RECORDS FOR THE TASK below:

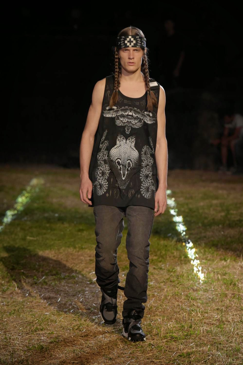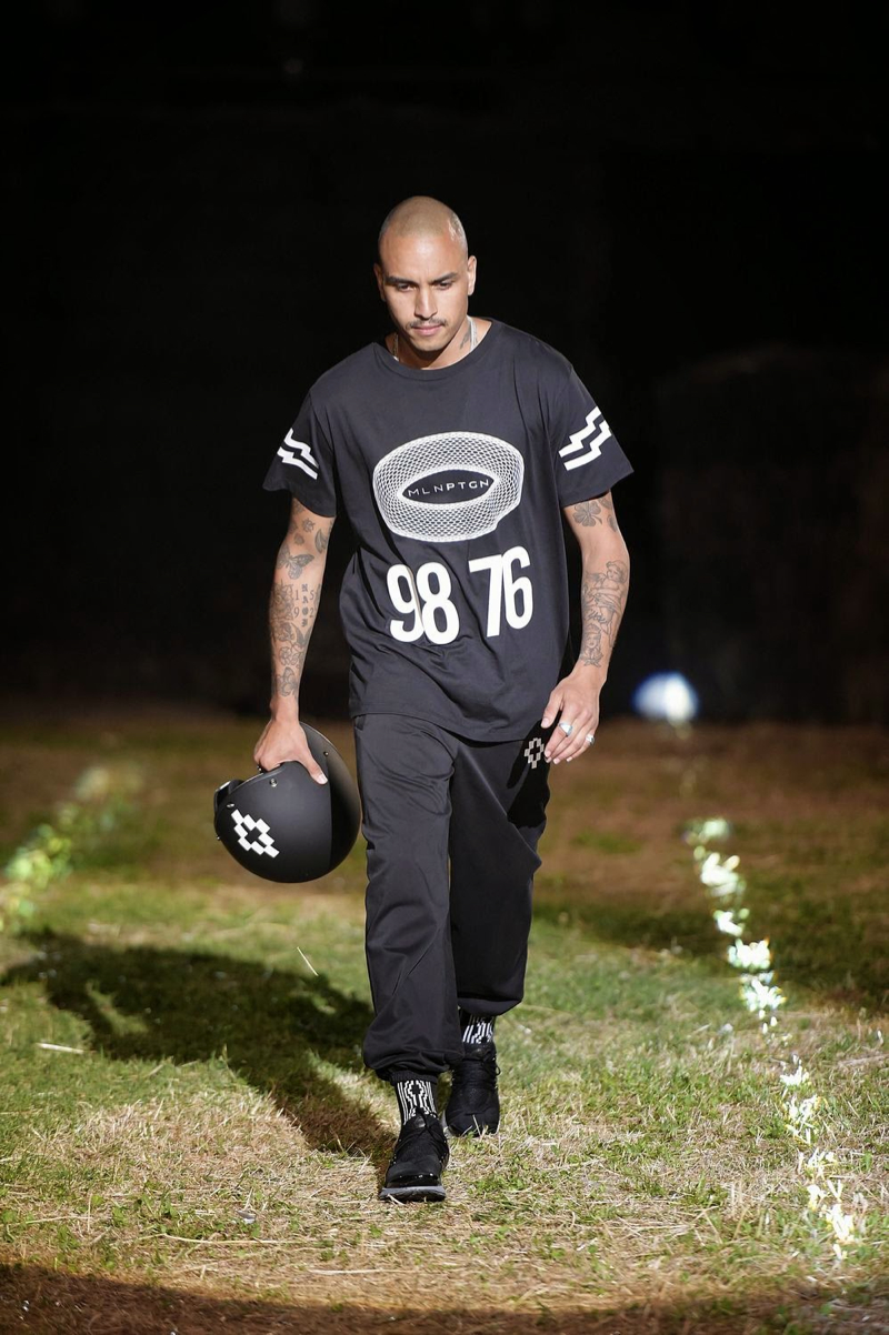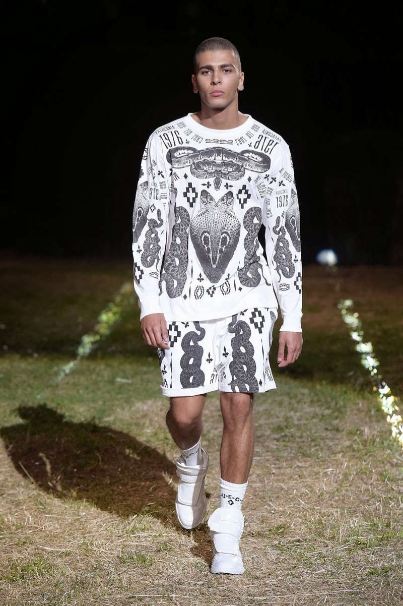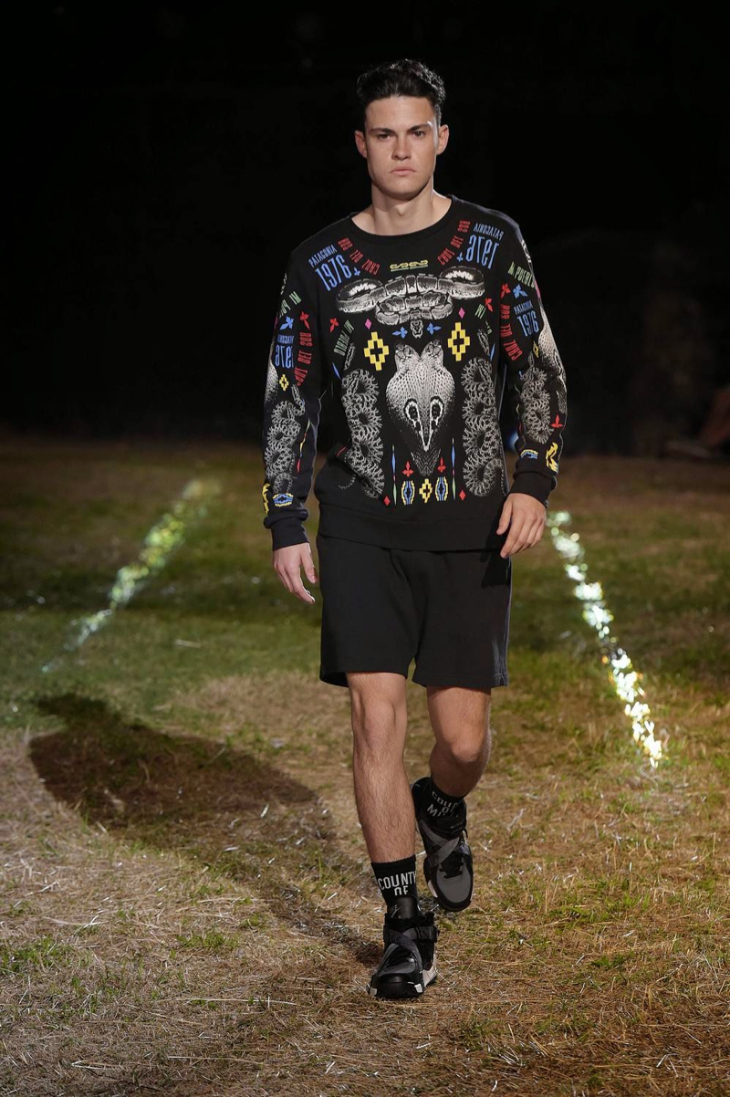 Marcelo Burlon County of Milan Spring/Summer 2015–Marcelo Burlon County of Milan presented for the first time at Pitti Uomo, offering a look at spring/summer 2015. Burlon seems to elevate the label’s signature graphics with the use of leather this season. Sporty at heart, the new collection boasts a rebellious attitude, making a loud statement with oversized silhouettes and invasive graphics.
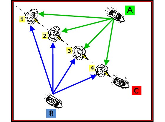 Plovila A, B i C odvojena su nekoliko milja, s munjom u blizini. Na poziciji (munje) 1, svako plovilo odredilo je položaj munje na horizontu. Na poziciji 2, Plovilo A zapaža da munja ide na lijevo, što indicira njenu putanju po lijevoj strani. Plovilo B zapaža da munja ide na desno, što indicira njenu putanju po desnoj strani. Plovila A i B nastavljaju pratiti smjer kretanja munja i izračunavaju njihovu udaljenost sve dok oluja ne prođe (pozicija 4 na ilustraciji).
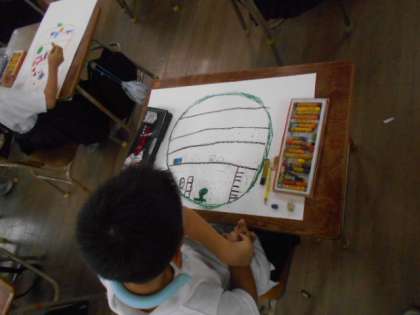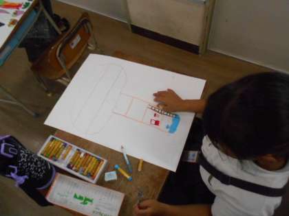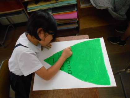 「大きくそだて びっくりやさい」というテーマで絵をかいています。
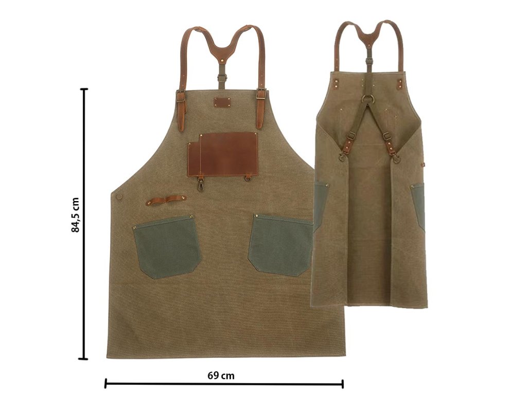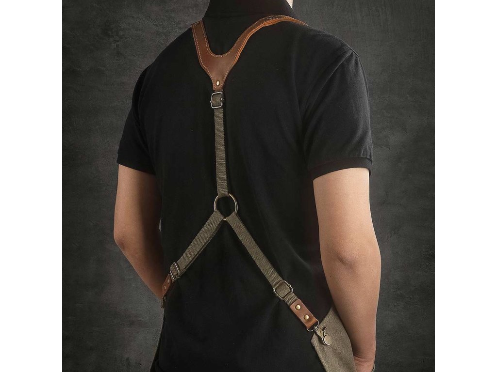 Zástěra má nastavitelné popruhy s koženými detaily, které se na zádech kříží do „Y“ – takže perfektně sedí, nepadá a neškrtí. Díky kovovým kroužkům, pevnému šití a kůži v namáhaných místech vydrží i náročné používání v profi kuchyni nebo při grilování.
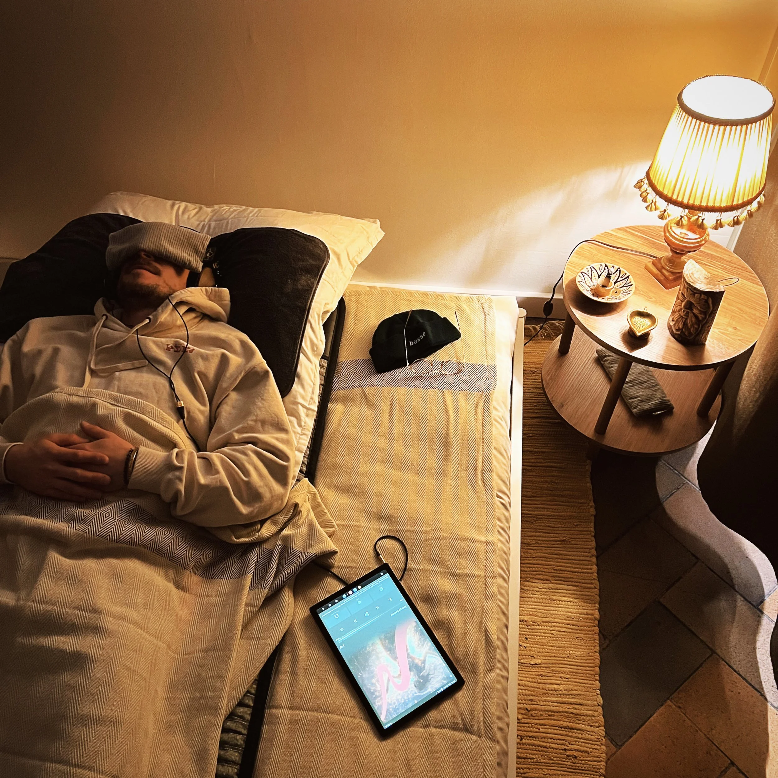 book your session in a warm bath of frequencies, biotphotones, magnet field waves and brainwave sounds
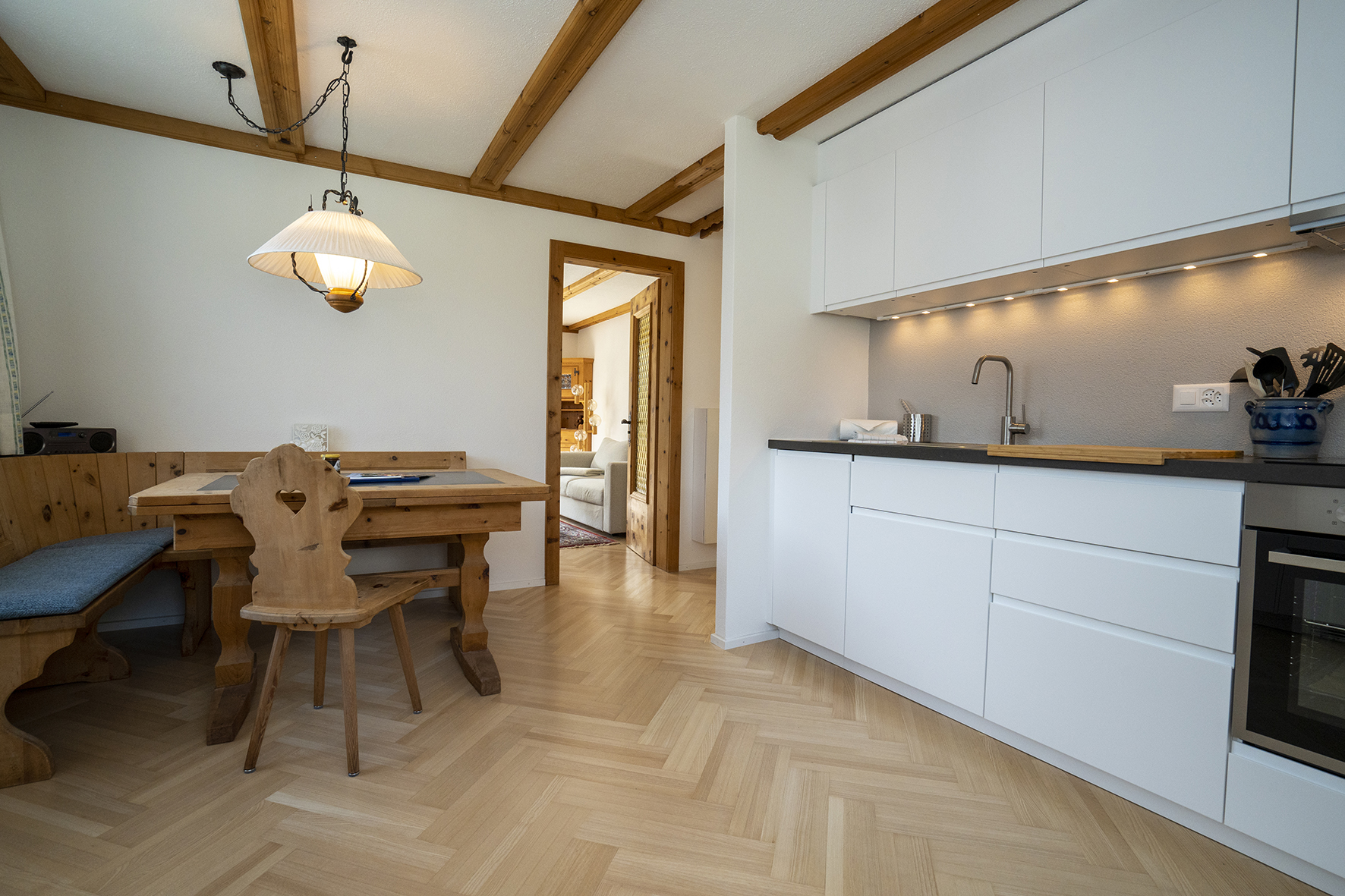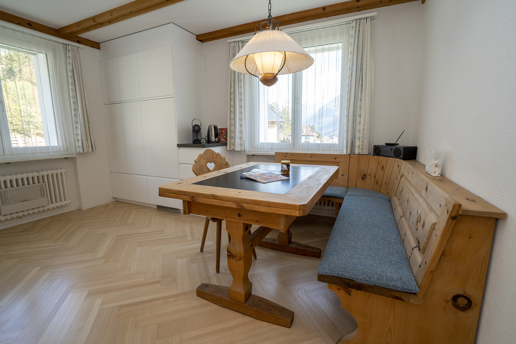 inkl. Bettwäsche, Frottéwäsche, Küchenwäsche, Endreinigung, WLAN, Flat TV, Radio, Strom, Heizung, Skiraum, Veloraum, Aussenparkplatz.
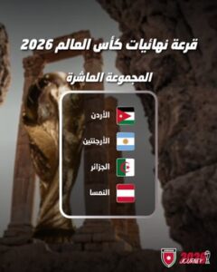 وأسفرت القرعة عن مواجهة عربية بين منتخبي الجزائر والأردن في المجموعة العاشرة لمونديال 2026، التي يترأسها المنتخب الأرجنتيني بطل العالم، إضافة إلى النمسا.
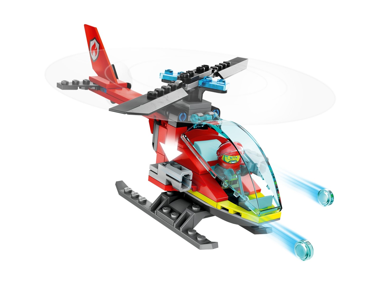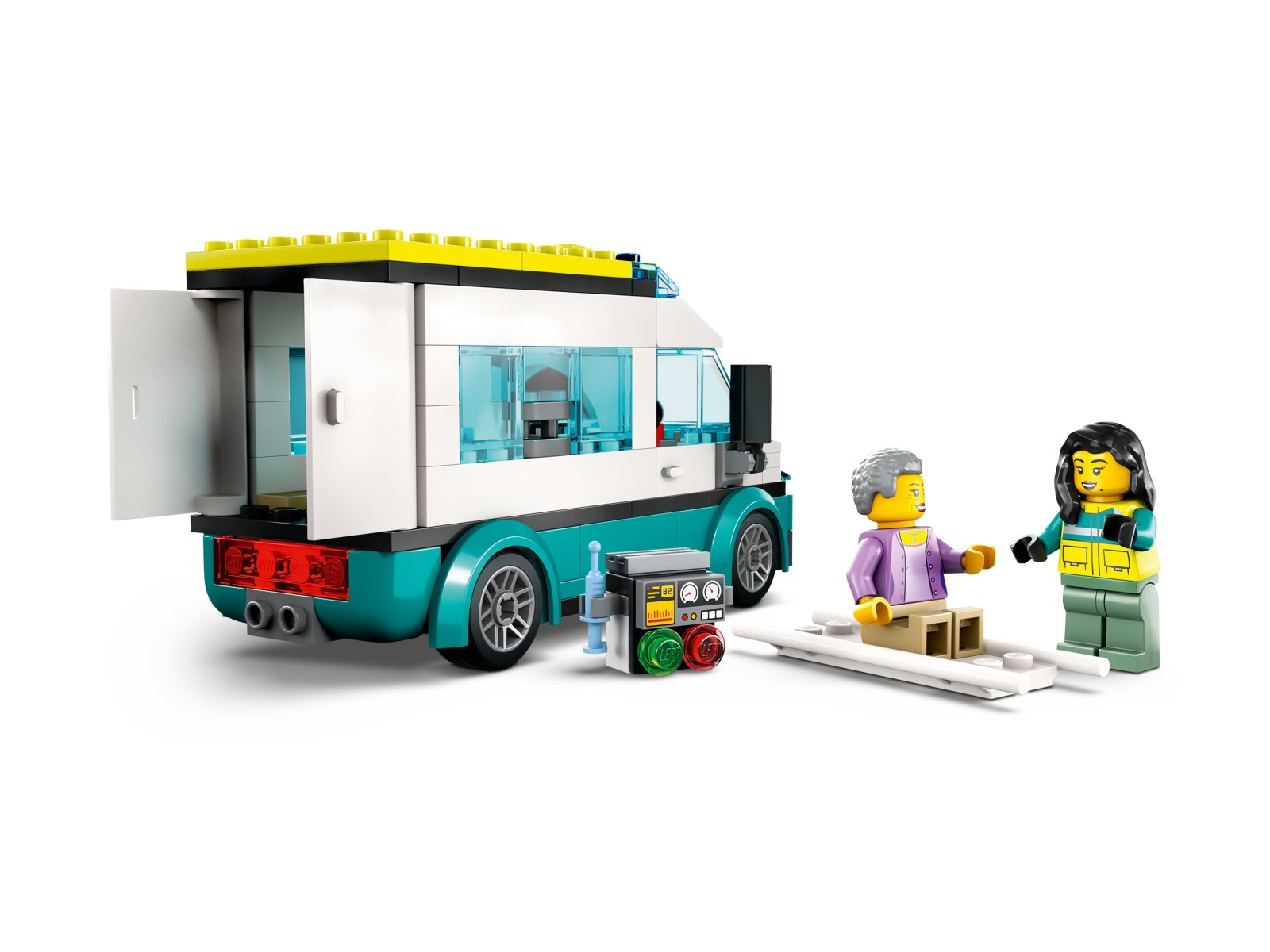 - Zabawka z pojazdami uprzywilejowanymi – dzieci mogą przyczepiać do pojazdów różne przedmioty, w tym sikawkę LEGO®, szperacz i aparat
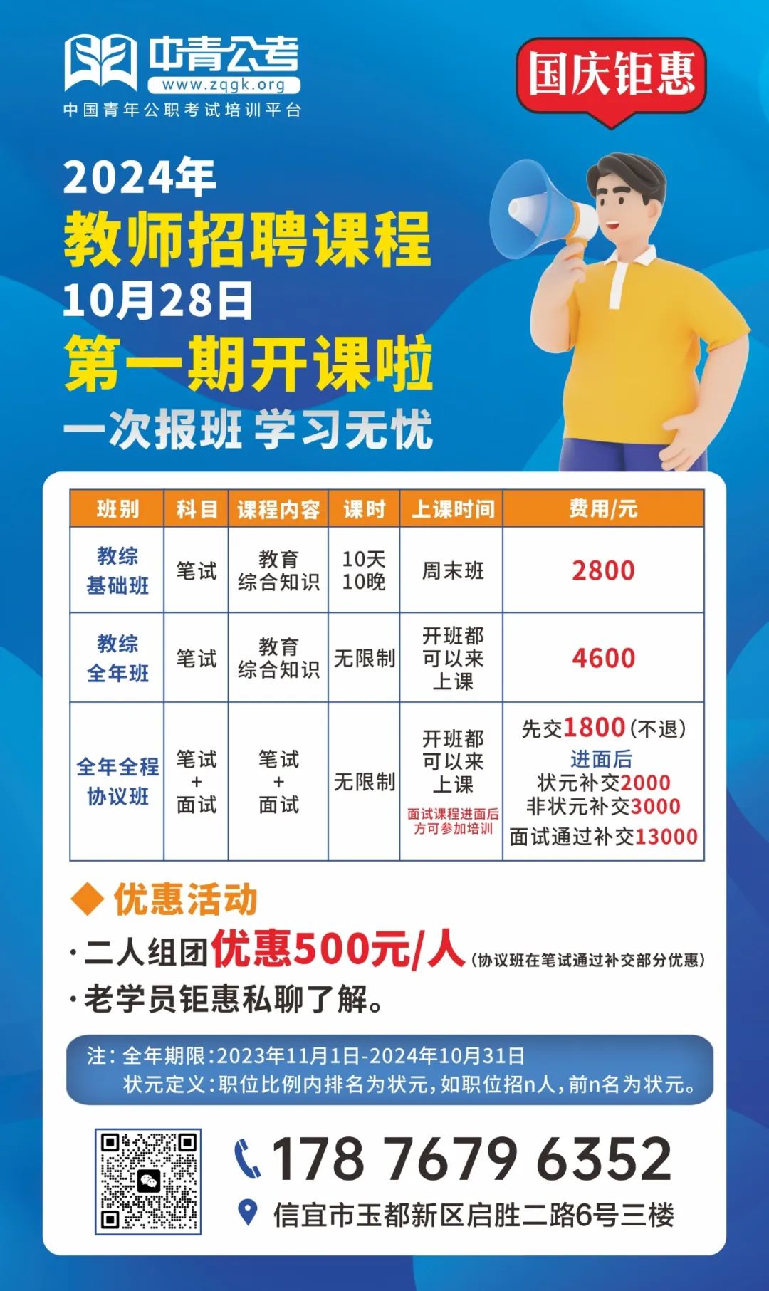 相信不少考生都有这样一个发现:凡是进面的同学基本都是至少提前大半年甚至一年以上开始持续学习的。为方便广大考生提前备考,中青公考为广大考生在考编中保驾护航,特开设教师招聘笔试周末培训班,从2023年10月28日开始笔试实战技巧班滚动开课!

End of RECORDS FOR THE TASK.

■ **WHAT IS BEING ASKED**:
Nothing but an exact copy is asked for: the lines from the start of the records through the line with "- Zabawka z", both ends included, minus any pictures.

■ **PROBLEM SOLUTION**:
 Marcelo Burlon County of Milan Spring/Summer 2015–Marcelo Burlon County of Milan presented for the first time at Pitti Uomo, offering a look at spring/summer 2015. Burlon seems to elevate the label’s signature graphics with the use of leather this season. Sporty at heart, the new collection boasts a rebellious attitude, making a loud statement with oversized silhouettes and invasive graphics.
 Plovila A, B i C odvojena su nekoliko milja, s munjom u blizini. Na poziciji (munje) 1, svako plovilo odredilo je položaj munje na horizontu. Na poziciji 2, Plovilo A zapaža da munja ide na lijevo, što indicira njenu putanju po lijevoj strani. Plovilo B zapaža da munja ide na desno, što indicira njenu putanju po desnoj strani. Plovila A i B nastavljaju pratiti smjer kretanja munja i izračunavaju njihovu udaljenost sve dok oluja ne prođe (pozicija 4 na ilustraciji).
 「大きくそだて びっくりやさい」というテーマで絵をかいています。
 Zástěra má nastavitelné popruhy s koženými detaily, které se na zádech kříží do „Y“ – takže perfektně sedí, nepadá a neškrtí. Díky kovovým kroužkům, pevnému šití a kůži v namáhaných místech vydrží i náročné používání v profi kuchyni nebo při grilování.
 book your session in a warm bath of frequencies, biotphotones, magnet field waves and brainwave sounds
 inkl. Bettwäsche, Frottéwäsche, Küchenwäsche, Endreinigung, WLAN, Flat TV, Radio, Strom, Heizung, Skiraum, Veloraum, Aussenparkplatz.
 وأسفرت القرعة عن مواجهة عربية بين منتخبي الجزائر والأردن في المجموعة العاشرة لمونديال 2026، التي يترأسها المنتخب الأرجنتيني بطل العالم، إضافة إلى النمسا.
 - Zabawka z pojazdami uprzywilejowanymi – dzieci mogą przyczepiać do pojazdów różne przedmioty, w tym sikawkę LEGO®, szperacz i aparat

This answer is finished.